Work instruction – Look below for the line with "いいお天気に恵まれて,スポー"; begin the copy there and stop after the line with "The culmination of", keeping the text exact and the pictures out.

Records shown –

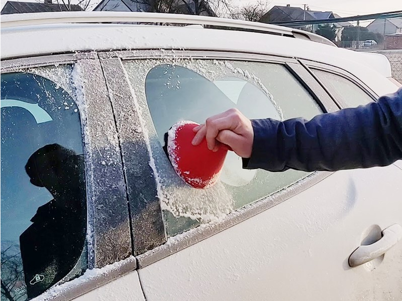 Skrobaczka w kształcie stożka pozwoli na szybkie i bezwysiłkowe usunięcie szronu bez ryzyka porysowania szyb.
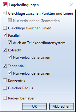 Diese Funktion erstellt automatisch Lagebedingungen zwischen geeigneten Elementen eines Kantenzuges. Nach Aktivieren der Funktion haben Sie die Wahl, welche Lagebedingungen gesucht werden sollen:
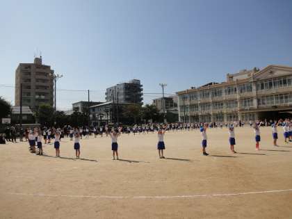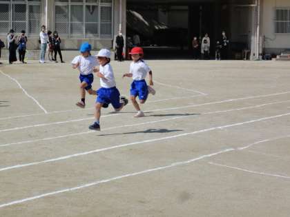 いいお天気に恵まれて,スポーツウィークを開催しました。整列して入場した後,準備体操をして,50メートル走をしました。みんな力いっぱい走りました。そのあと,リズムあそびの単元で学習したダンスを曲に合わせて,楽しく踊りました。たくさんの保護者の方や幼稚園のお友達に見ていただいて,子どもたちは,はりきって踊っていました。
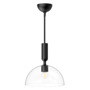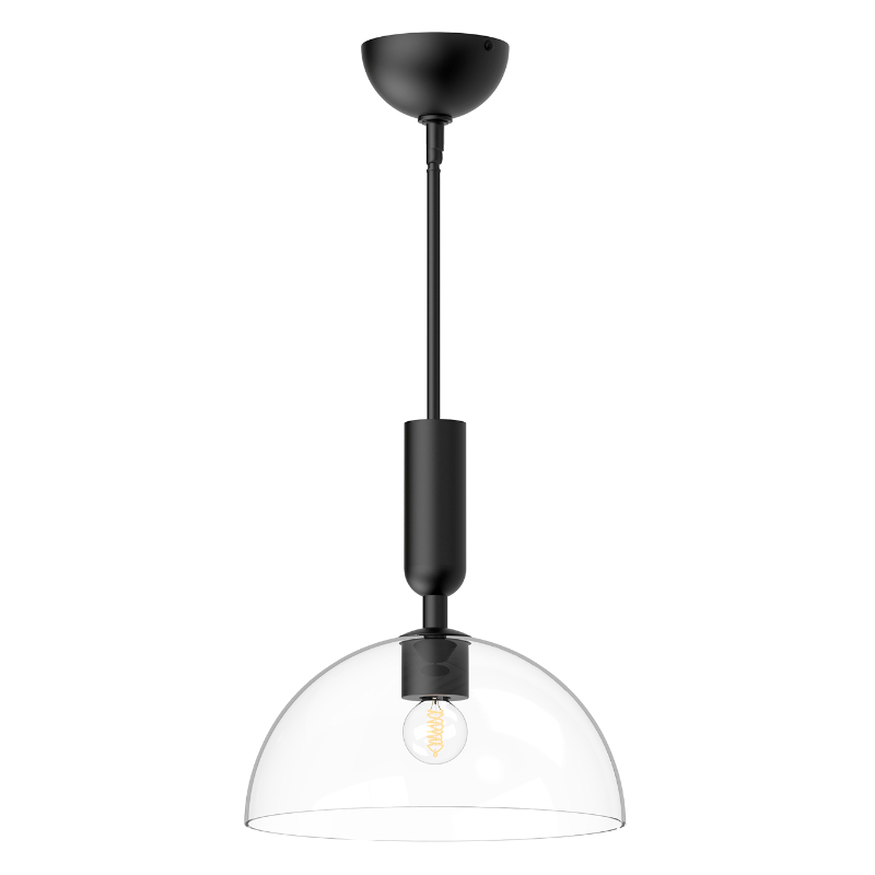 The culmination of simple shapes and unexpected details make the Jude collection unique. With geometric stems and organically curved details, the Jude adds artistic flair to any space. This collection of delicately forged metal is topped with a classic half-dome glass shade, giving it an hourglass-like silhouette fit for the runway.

---

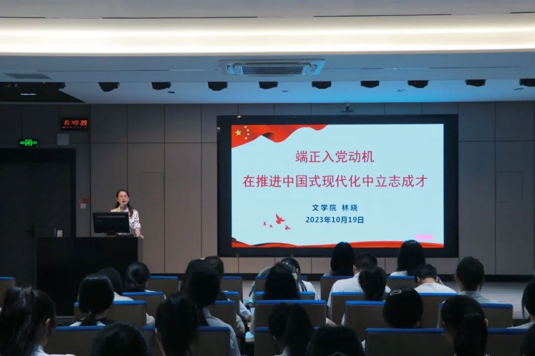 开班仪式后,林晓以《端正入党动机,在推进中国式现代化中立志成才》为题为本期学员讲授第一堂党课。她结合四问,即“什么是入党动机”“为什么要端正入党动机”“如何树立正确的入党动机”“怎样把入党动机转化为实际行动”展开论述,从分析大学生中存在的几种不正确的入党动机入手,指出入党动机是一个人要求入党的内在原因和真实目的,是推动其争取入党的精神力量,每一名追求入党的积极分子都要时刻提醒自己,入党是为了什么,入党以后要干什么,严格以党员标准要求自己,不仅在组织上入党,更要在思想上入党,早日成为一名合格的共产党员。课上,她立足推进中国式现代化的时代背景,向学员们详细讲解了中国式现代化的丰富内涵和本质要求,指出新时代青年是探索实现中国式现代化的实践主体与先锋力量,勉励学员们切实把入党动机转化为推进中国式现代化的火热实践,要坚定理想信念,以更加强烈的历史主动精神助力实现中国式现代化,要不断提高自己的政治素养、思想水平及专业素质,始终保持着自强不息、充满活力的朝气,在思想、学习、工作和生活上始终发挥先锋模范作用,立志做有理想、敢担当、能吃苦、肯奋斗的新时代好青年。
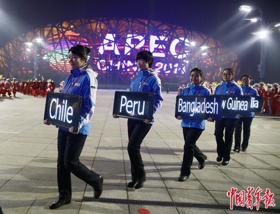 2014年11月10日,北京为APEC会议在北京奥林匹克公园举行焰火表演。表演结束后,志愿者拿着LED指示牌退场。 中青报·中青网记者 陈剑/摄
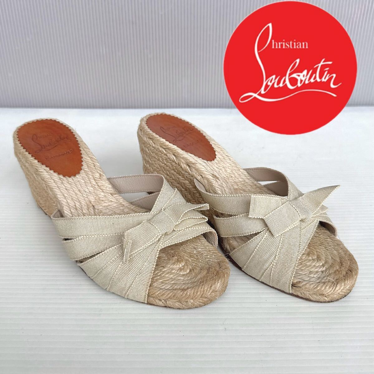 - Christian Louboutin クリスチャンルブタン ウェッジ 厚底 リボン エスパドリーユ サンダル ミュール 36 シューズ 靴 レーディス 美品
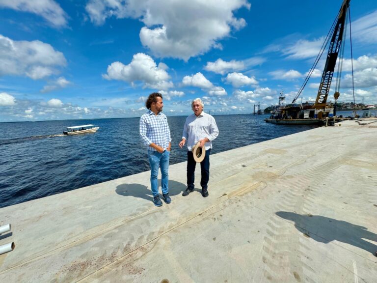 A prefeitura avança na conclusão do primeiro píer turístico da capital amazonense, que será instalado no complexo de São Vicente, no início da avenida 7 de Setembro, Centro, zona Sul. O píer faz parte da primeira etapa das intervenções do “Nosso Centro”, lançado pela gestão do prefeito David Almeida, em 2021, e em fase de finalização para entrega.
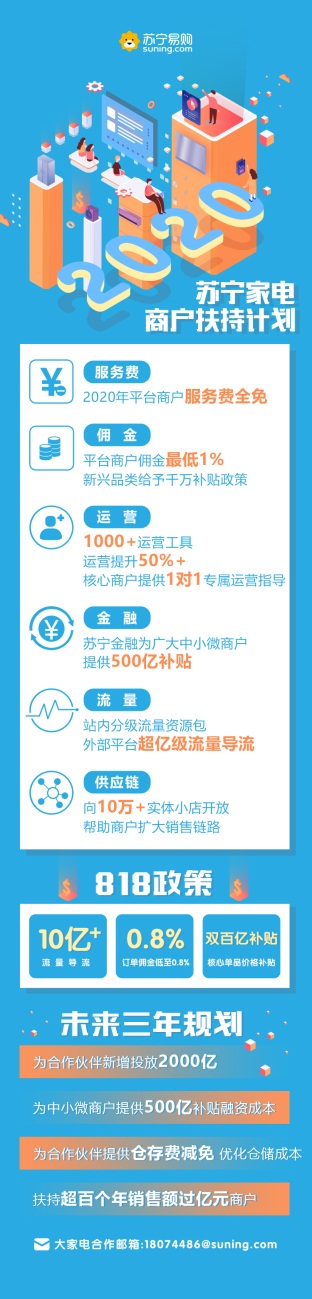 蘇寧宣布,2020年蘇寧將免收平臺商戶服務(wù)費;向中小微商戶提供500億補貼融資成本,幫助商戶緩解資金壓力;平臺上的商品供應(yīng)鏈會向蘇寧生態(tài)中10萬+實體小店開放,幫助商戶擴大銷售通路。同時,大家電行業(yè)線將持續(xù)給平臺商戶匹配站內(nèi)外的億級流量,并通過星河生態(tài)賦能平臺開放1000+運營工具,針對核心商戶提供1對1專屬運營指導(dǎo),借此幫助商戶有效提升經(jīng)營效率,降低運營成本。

Result –
 いいお天気に恵まれて,スポーツウィークを開催しました。整列して入場した後,準備体操をして,50メートル走をしました。みんな力いっぱい走りました。そのあと,リズムあそびの単元で学習したダンスを曲に合わせて,楽しく踊りました。たくさんの保護者の方や幼稚園のお友達に見ていただいて,子どもたちは,はりきって踊っていました。
 The culmination of simple shapes and unexpected details make the Jude collection unique. With geometric stems and organically curved details, the Jude adds artistic flair to any space. This collection of delicately forged metal is topped with a classic half-dome glass shade, giving it an hourglass-like silhouette fit for the runway.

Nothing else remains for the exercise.